Next up is read_form. This method takes an instance of a Reader, peeks at the current token. If that token is the start of a list, (, then it calls read_list with the Reader otherwise it calls read_atom and increments the current token.

public static MalType read_from(Reader reader) {

	char firstChar = reader.peek().charAt(0);

	switch (firstChar) {
	case '(':
		return read_list(reader);
	default:
		return read_atom(reader.next());
	}
}

Then, read_list takes the instance of the Reader and immediately drops the opening ( which started the list. The list will be represented as a MalList Type. read_list then calls read_form until it finds a closing parentheses ) or an Exception is thrown because there are no more tokens to read. Once a closing paren ) has been found it is also dropped from the reader and then we return all the values that were between those parens in a MalList. You can see that read_list and read_form are mutually recursive, they both call each other, this allows for parsing nested lists.

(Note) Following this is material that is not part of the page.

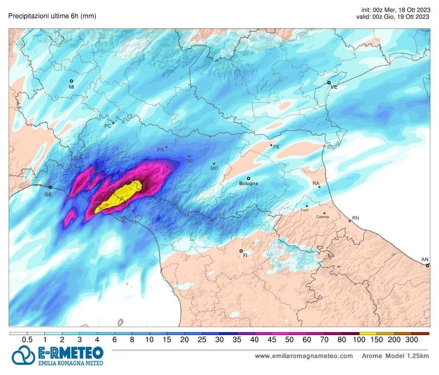 In caso di fenomeni stazionari non si escludono picchi di 200/250 mm tra Crinale Occidentale e Liguria.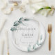 Placa de papel boda | Jade verde gris botánico - variaciones de verde jade gris - hojas verde jade silenciadas rodean el marco dorado estilo terrario. Fresco y sencillo, pero deliciosamente elegante. Esto forma parte de una colección de suites boda coordinada de diseño diseñada por BarefootBride™. Presenta un sencillo estilo de texto clásico (que puede cambiarse si le gusta hacer clic en Personalizar esta plantilla y, a continuación, en la lista desplegable, haga clic en el personalizar más adelante, aquí puede cambiar el tipo de letra y los colores del texto)

public static MalList read_list(Reader reader) {
	// drop leading parenthesis
	String token = reader.next();

	List<MalType> malTypes = new ArrayList<MalType>();

	while (!(token = reader.peek()).equals(‘)’)) {
		malTypes.add(read_from(reader));
	}

	// drop trailing parenthesis
	reader.next();
	return new MalList(malTypes);
}

Finally we have read_atom which is much simpler. Given a String we need to return an appropriate MalType. Initially I’m just going to handle Symbols and Longs for numbers. This section will grow as I progress through upcoming steps.

public static MalType read_atom(String token) {
	try {
		return new MalNum(Long.parseLong(token));
	} catch (NumberFormatException e) {
		return new MalSym(token);
	}
}

The try catch is ugly but it works for now. I’ll probably try something a bit more clever when I need to handle more MalTypes… This’ll do for now though.

That is basically it for this stage the only remaining task is to add a MalType Printing class to echo back the AST. As I’ve declared several MalType objects I’ve used their toString methods to define how to print themselves, this makes the Printer class trivial.

public class Printer {

	public static String pr_str(MalType malDataStructure) {
		return malDataStructure.toString();
	}

}

Once we plug this all together and the REPL now we get:

[step1_read_print]
Welcome to MAL.
user> (+ (1 2 3 (- 2 3) (* 2 3)) 234)
(+ (1 2 3 (- 2 3) (* 2 3)) 234)
user> (+ 123
end of input

And that is a wrap for Part 1 read and print. Interestingly I know I’ll need to come back to this part and flesh it out as the Lisp grows more complex. Currently I don’t have Strings, booleans, Maps or Vectors and more. I’d really like to make Reading more functional… maybe it can be made recursive? It was quite fiddly having multiple functions mutate the Reader state.

Thanks for reading! :)